56 Data Quality Assessment
Every machine learning system inherits the quality of the data it consumes. A model trained on flawed records does not signal its discontent; it silently encodes the flaws, propagates them through inference, and amplifies them at scale. The discipline of data quality assessment exists to make these flaws visible and measurable before they reach a model, a dashboard, or a decision. This chapter develops the conceptual vocabulary of data quality, formalizes the dimensions practitioners use to reason about it, and surveys the techniques (profiling, metric design, and early detection) that turn vague unease about a dataset into actionable, quantified findings.

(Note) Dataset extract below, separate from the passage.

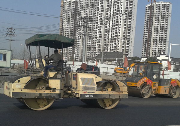 隨著第一輛運(yùn)料車(chē)進(jìn)入施工現(xiàn)場(chǎng),攤鋪機(jī)開(kāi)始啟動(dòng),倒料、攤鋪、碾壓一條龍作業(yè),路面很快成形。為加快工程進(jìn)度,現(xiàn)場(chǎng)采用兩臺(tái)攤鋪機(jī)同時(shí)作業(yè)。此次瀝青砼攤鋪長(zhǎng)度為1.2公里,懷寧北路路面瀝青攤鋪分三層,當(dāng)天鋪設(shè)的是下面層粗礫石。
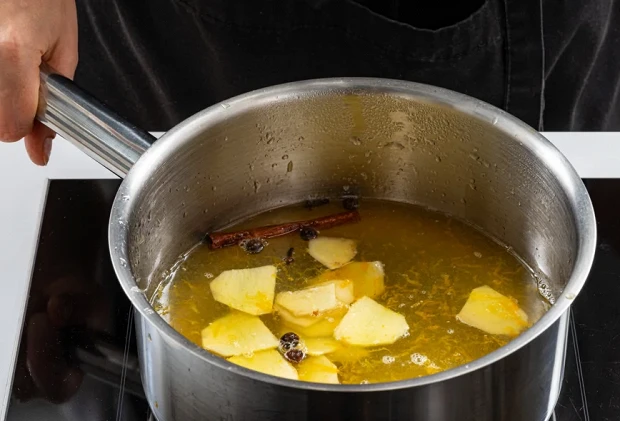 Доведите до кипения, добавьте сок цитрусов и уксус, закиньте в кастрюлю кубики тыквы.

The central premise is that quality is not a property of data in the abstract but a relationship between data and an intended use. A timestamp precise to the second is excellent for transaction reconciliation and irrelevant for a yearly demographic summary. Assessment, therefore, always carries an implicit clause: fit for what purpose. We make that clause explicit throughout.
56.1 1. Foundations and the Fitness for Use Principle
56.1.1 1.1 Data Quality as a Relation, Not an Attribute
The most durable definition in the literature frames data quality as fitness for use by data consumers [1]. This framing has two consequences. First, the same dataset can be high quality for one task and unacceptable for another, so an assessment without a stated use case is incomplete. Second, quality is multidimensional: a single scalar score conceals trade offs that matter operationally. A dataset can be perfectly accurate yet badly incomplete, or perfectly complete yet stale.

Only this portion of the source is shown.